Der mit 3.000 Euro ausgestattete zweite Stückepreis, der auf Wunsch auch als dreimonatiges Aufenthaltsstipendium am Pfalztheater Kaiserslautern ausgegeben werden kann, wird an Leon Ospald für sein Stück „Guppysterben“ verliehen.
Der Schauspieler und Dramatiker Leon Ospald stellt in seinem Theaterstück den bizarren Alltag einer Polizeistation ins Zentrum des Geschehens, geprägt von Kompetenzgerangel und organisierter Verantwortungslosigkeit, durchzogen von Ängsten und Selbstbehauptungs-versuchen. Auf der einen Seite stehen der Asylanwärter Fakha, die Polizeichefin und ein Polizeihauptmeister, auf der anderen der Häftling Paul Kluge. Ospald vertraut eher den Mitteln der Farce als der Recherche, daraus entsteht eine schräg und leicht dahingeworfene Szenenfolge, eine irrlichternde schwarze Komödie, unkorrekt, grotesk und überraschend, mit einem dunklen Schluss.

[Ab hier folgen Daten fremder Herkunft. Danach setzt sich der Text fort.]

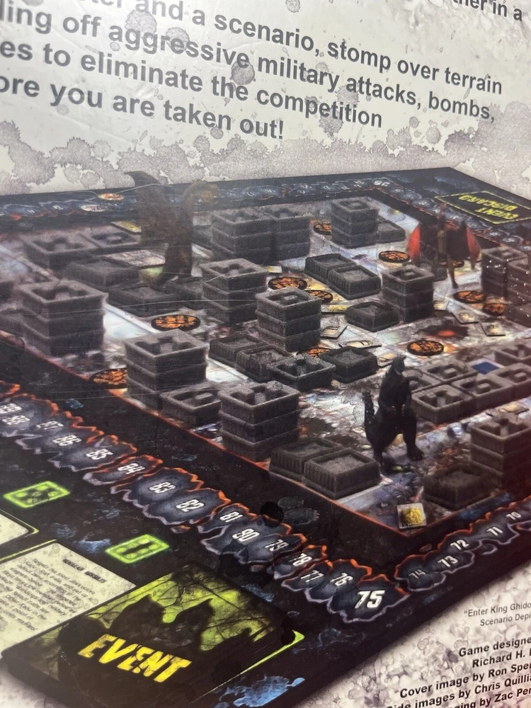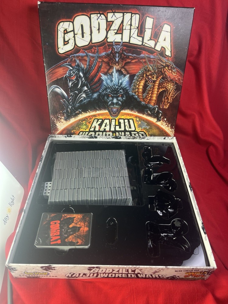 The Toy Vault board game Godzilla - Kaiju World Wars is a strategy and war game designed for 2 players, with a recommended age range of 14+. This boxed game, released in 2011, immerses players in a war-themed world where they must strategize and battle it out with their Kaiju creatures. Perfect for fans of Godzilla and tabletop games, this game offers an engaging and competitive experience for players looking to test their tactical skills in a captivating setting. this game is in beautiful condition. The board is pristine and the pieces are punched. Unfortunately someone removed the figures so it is priced accordingly. You could 3-D print your own figures of Godzilla king Jaron, Gigan, and Rodan and save a grip of cash. Other than the missing figures this game is in beautiful condition.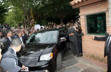 Los simpatizantes, la mayoría señoras, se acercaron a la residencia oficial con carteles con las leyendas ‘Bienvenido señor presidente‘, ‘Cárcel a los korruptos‘, ‘Campagnoli para la Procuración‘ y le gritaban ‘Sí se puede, sí se puede…‘ la arenga durante la campaña de Cambiemos.

Der dritte Stückepreis von 2.000 Euro geht an Magdalena Schrefel.
Schrefels Stück „Ein Berg, viele“ – ein Historiendrama, ein ‚Film‘ und ein Theater auf dem Theater – kreist um das aktuelle Thema der Grenzziehung: Ein englischer Gelehrter erfindet bei Tee und Gebäck die afrikanischen Kong-Berge, um den eigentümlichen Verlauf des Flusses Niger zu erklären. Es geht mithin um die europäische Arroganz, sich fremde Landschaften im Gelehrtenkämmerlein nach Gusto zurechtzuschneidern; es geht um das Imaginäre von Grenzen, aber auch um ihre brutale Wirklichkeit, will man sie vom afrikanischen Kontinent aus überwinden. Das Stück verbindet diese beiden Perspektiven auf kunstvolle Weise und bedenkt immer auch mit, dass das Sprechen über Grenzen medial vermittelt ist, also im Theater, im Film oder Fernsehen stattfindet.

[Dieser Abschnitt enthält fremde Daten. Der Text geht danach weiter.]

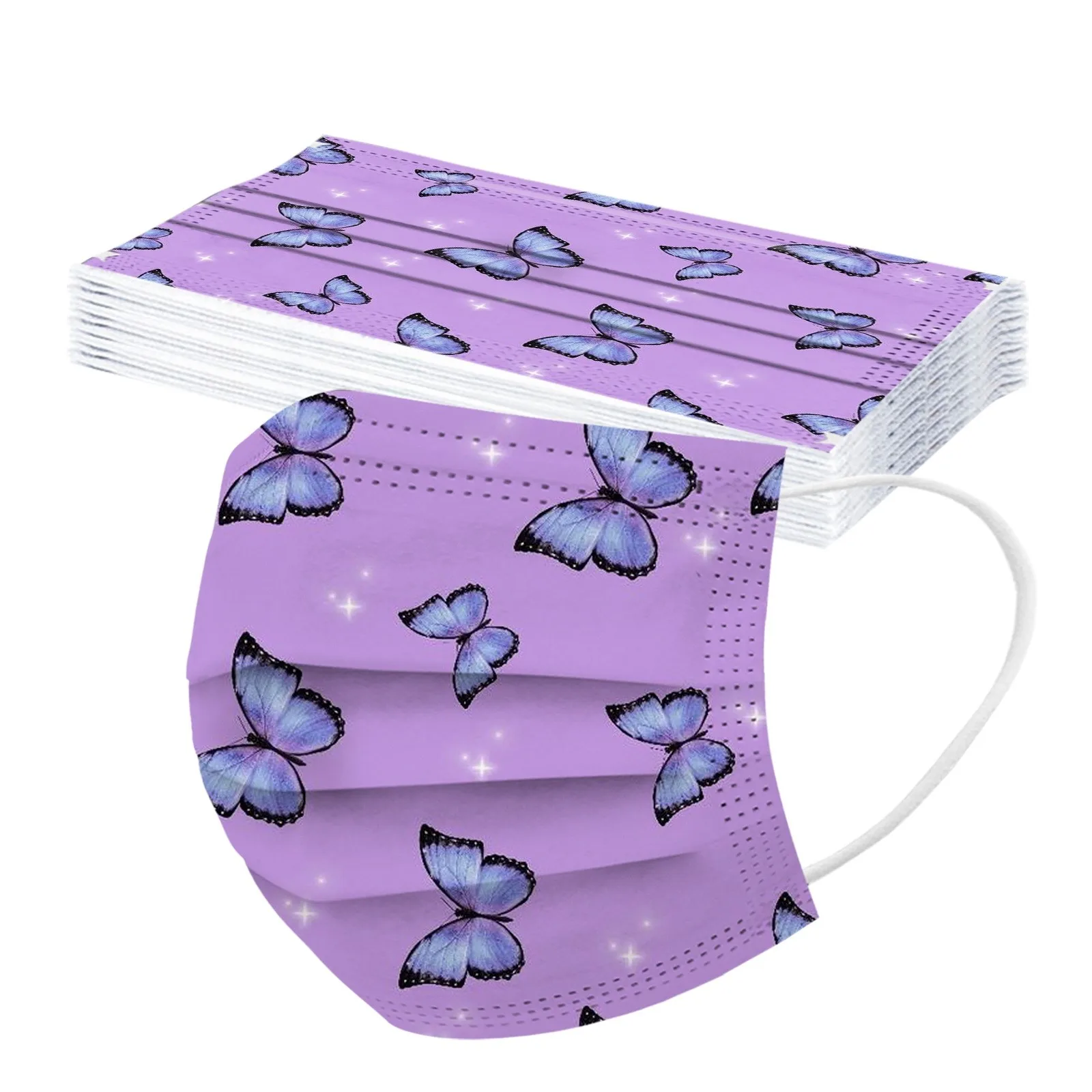Маска для лица, одноразовая, трехслойная, с принтом бабочек, 10 шт.

Die festliche Preisverleihung fand am 1. März 2020 zur Eröffnung der 1. Theatertage Rheinland-Pfalz im Pfalztheater Kaiserslautern statt und wurde von Ministerpräsidentin Malu Dreyer vorgenommen.

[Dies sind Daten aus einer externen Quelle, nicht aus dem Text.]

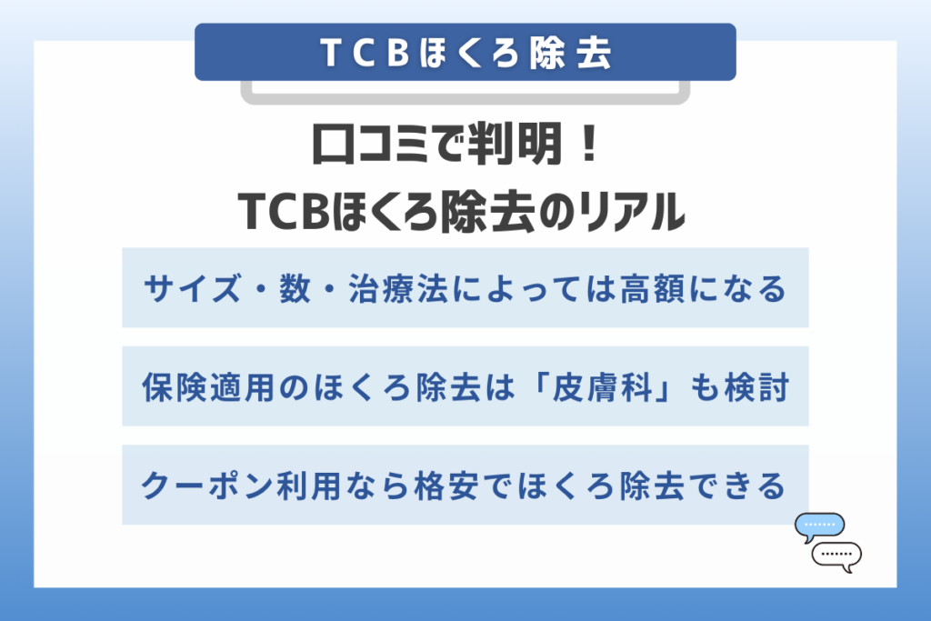 この記事では、TCBほくろ除去の口コミ評判について、特に料金の真相とよくある失敗例を中心に解説しました。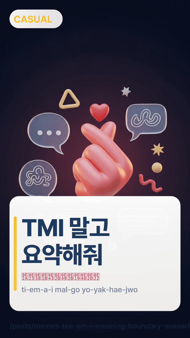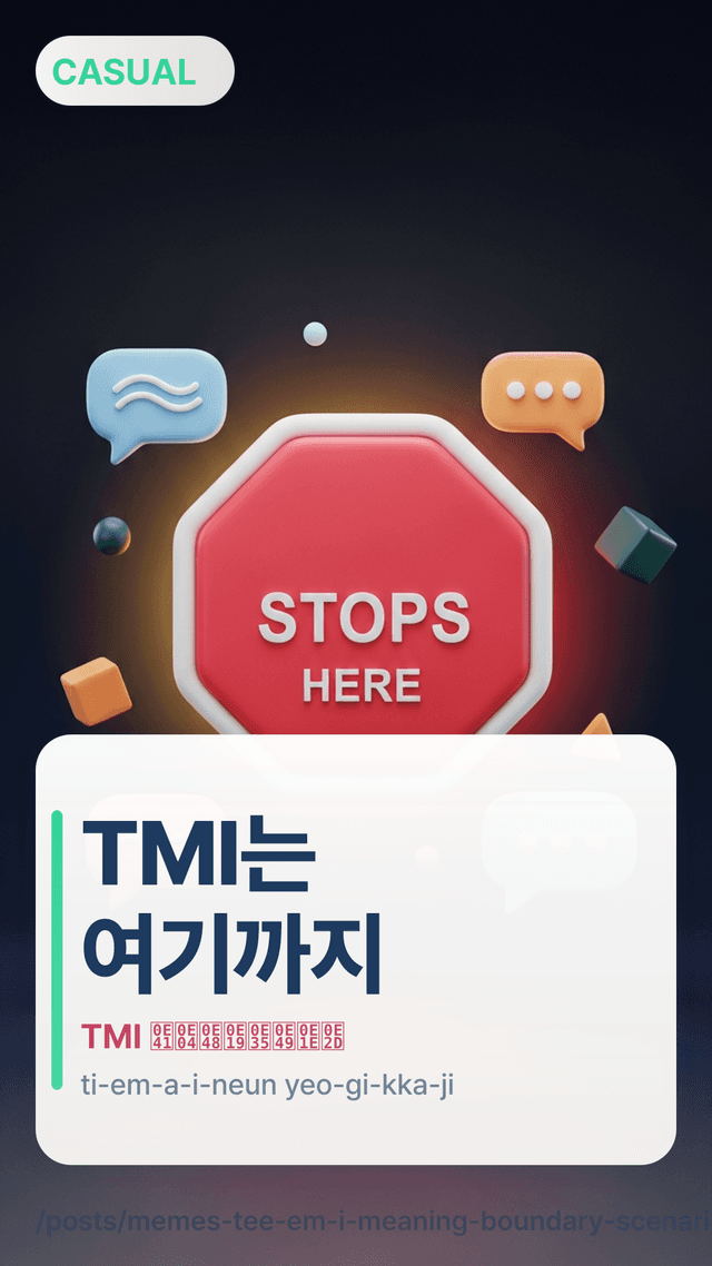 เรียนรู้ความหมายของ TMI (티엠아이) พร้อมประโยคตอบกลับง่ายๆ อย่าง “TMI인데” และ “그건 TMI야” เพื่อเบี่ยงประเด็นอย่างสุภาพโดยไม่ทำให้อีกฝ่ายเสียหน้า—ค้นพบ

Die Preisträger im Überblick

1993 Kerstin Specht „Mond auf dem Rücken“ (UA)
(Förderpreis: Michael Roes „Cham“)

1995 Harald Kislinger „Höllenschlund“ (UA)
(Kein Förderpreis)

1997 geteilt: Volker Lüdecke „Darja“ (UA) und Werner Fritsch „Höllensturz: Es gibt keine Sünde im Süden des Herzens“ (Förderpreis: Roland Schimmelpfennig „Fisch um Fisch“)

1999 Rainald Goetz (Dramatikerpreis)
Steffen Kopetzky (Stückepreis)

2001 Einar Schleef (Dramatikerpreis, posthum)
Dirk Dobbrow (Stückepreis)

2003 Elfriede Jelinek (Dramatikerpreis)
Claudius Lünstedt (Stückepreis)

2005 Dea Loher (Dramatikerpreis)
Torsten Buchsteiner (Stückepreis)

2008 Fritz Kater (Dramatikerpreis)
Almut Baumgarten (Stückepreis)

2010 Roland Schimmelpfennig (Dramatikerpreis)
Azar Mortazavi / Achim Stegmüller (Stückepreis)

2012 René Pollesch (Dramatikerpreis)
Nina Büttner (Stückepreis)

2014 Peter Handke (Dramatikerpreis)
Thomas Köck, Bonn Park, Sophie Nikolitsch (Stückepreise)

2016 Sibylle Berg (Dramatikerpreis)
Maria Milisavljevic, Nina Ender, Stephan Roiss (Stückepreise)

2018 Ewald Palmetshofer (Dramatikerpreis)
Nele Stuhler, Leon Engler, Philippe Heule (Stückepreise)

 

Aktuelle Zusammensetzung der Jury
  • Esther Boldt (Autorin und Theaterkritikerin)
  • Meike Klingenberg (ZDFkultur/3sat)
  • Prof. Dr. Franziska Schößler (Professorin für Neuere deutsche Literatur-Schwerpunkt Theaterwissenschaft, Universität Trier)
  • Ulrich Khuon (Intendant Deutsches Theater Berlin, Vorsitzender des Deutschen Bühnenvereins)
  • Urs Häberli (Intendant Pfalztheater und Vorsitzender der Jury)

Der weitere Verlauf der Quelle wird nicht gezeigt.